Could you repeat the whole listing below exactly, omitting any picture it holds?

**Dataset section:**
■ ■ ■ ■ ■

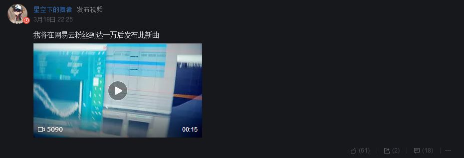 自复出消息一出,“星空下的舞者”获得了业内众多Dubstep乐迷的关注,从而开始可观地粉丝增长。2019年3月22日,中文艺名星空下的舞者,英文艺名DipperX的他,宣告在网易云音乐上的粉丝突破1万,并兑现了他发布新单曲《10K》的诺言。
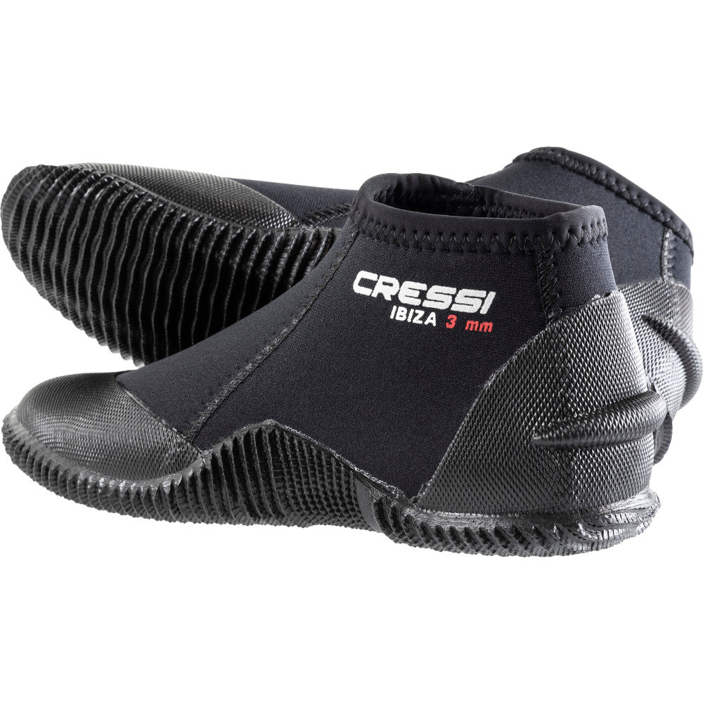 The Ibiza 3mm are lightweight boots ideal for outdoor sports and travel. They are suitable for surfing, kayaking, scuba diving and a variety of water sports. Made with super elastic neoprene, these boots are built to provide maximum comfort and durability. The back of the heel has been specially designed to fit perfectly with open heel fins for scuba diving. The small ridge is used to prevent fin straps from slipping. A strong non-slip molding covers the entire sole. Rinse with clean water after use and let it dry.
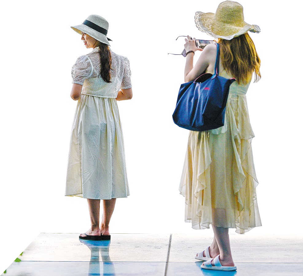 Two tourists take photos on Aug 29 in Sanya, Hainan province. PU XIAOXU/XINHUA

■ ■ ■ ■ ■

**Output of the task:**
 自复出消息一出,“星空下的舞者”获得了业内众多Dubstep乐迷的关注,从而开始可观地粉丝增长。2019年3月22日,中文艺名星空下的舞者,英文艺名DipperX的他,宣告在网易云音乐上的粉丝突破1万,并兑现了他发布新单曲《10K》的诺言。
 The Ibiza 3mm are lightweight boots ideal for outdoor sports and travel. They are suitable for surfing, kayaking, scuba diving and a variety of water sports. Made with super elastic neoprene, these boots are built to provide maximum comfort and durability. The back of the heel has been specially designed to fit perfectly with open heel fins for scuba diving. The small ridge is used to prevent fin straps from slipping. A strong non-slip molding covers the entire sole. Rinse with clean water after use and let it dry.
 Two tourists take photos on Aug 29 in Sanya, Hainan province. PU XIAOXU/XINHUA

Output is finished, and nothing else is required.